Isolation of an antimicrobial‐resistant, biofilm‐forming, Klebsiella grimontii isolate from a reusable water bottle

Alasdair T M Hubbard 1, Enas Newire 2, João Botelho 3,4, Jesús Reiné 5, Elli Wright 1, Emma A Murphy 1, William Hutton 1, Adam P Roberts 1,
PMCID: PMC7294305  PMID: 32126585

Abstract

A reusable water bottle was swabbed as part of the citizen science project “Swab and Send,” and a Klebsiella grimontii isolate was recovered on chromogenic agar and designated SS141. Whole‐genome sequencing of SS141 showed it has the potential to be a human pathogen as it contains the biosynthetic gene cluster for the potent cytotoxin, kleboxymycin, and genes for other virulence factors. The genome also contains the antibiotic‐resistant genes, bla OXY‐6‐4, and a variant of fosA, which is likely to explain the observed resistance to ampicillin, amoxicillin, and fosfomycin. We have also shown that SS141 forms biofilms on both polystyrene and polypropylene surfaces, providing a reasonable explanation for its ability to colonize a reusable water bottle. With the increasing use of reusable water bottles as an alternative to disposables and a strong forecast for growth in this industry over the next decade, this study highlights the need for cleanliness comparable to other reusable culinary items.

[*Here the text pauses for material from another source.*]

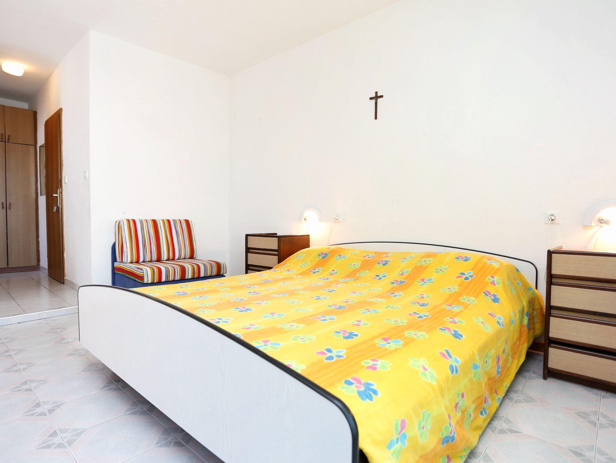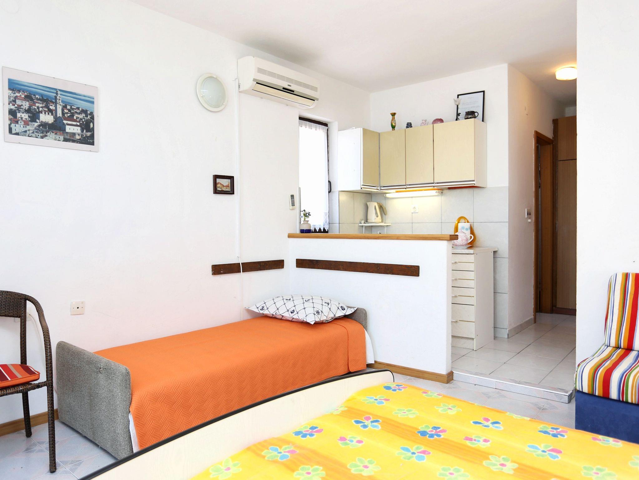 Studio bietet Platz für 3 Gäste. Die Betten sind in Schlafzimmern, die es 1 gibt, innerhalb einer Gesamtfläche von 24m2, angeordnet. Die Gäste haben einen eigenen Balkon zur Verfügung, auf der sie in warmen Sommernächten genießen können. Das Studio-Apartment bietet Meerblick. Es ist erlaubt, Speisen auf dem Gemeinschafts-Grill vorzubereiten. IM PREIS INBEGRIFFEN: Kurtaxe, Endreinigung, Klimatisierung, Parkplatz, Internet, Wäschewaschen, Bügeleisen, Bügelbrett, Föhn. VERBINDLICHE ZUSÄTZLICHE KOSTEN: Aufzahlung für Kurzaufenthalte (prozentualer Zuschlag pro Nächtigungsanzahl: 30% - 1, 20% - 2, 10% - 3). Die Verfügbarkeit zusätzlicher Dienstleistungen in Ihrem reservierten Termin und die Preise derselben (falls nicht aufgeführt) müssen im Voraus überprüft werden. Zusätzliche Dienstleistungen die in der Zahlungsaufforderung nicht aufgeführt sind werden direkt beim Vermieter bezahlt, angenommen der Gast nutzt auch diese. Ermäßigung auf den Grundpreis: Gratistag 14=13 (bei einem Aufenthalt von 14 Tagen oder mehr erhalten Sie einen Gratistag für den Aufenthalt bis 31.12.26).

Keywords: antibiotic resistance, biofilm, environmental, Kleboxymycin, Klebsiella grimontii, water bottle

A reusable water bottle was swabbed as part of the citizen science project “Swab and Send,” and a Klebsiella grimontii isolate was recovered on chromogenic agar and designated SS141. Whole‐genome sequencing of SS141 showed it has the potential to be a human pathogen as it contains the biosynthetic gene cluster for the potent cytotoxin, kleboxymycin, and genes for other virulence factors and antibiotic resistance. We have also shown that SS141 is a potent biofilm former, providing a reasonable explanation for its ability to colonize a reusable water bottle.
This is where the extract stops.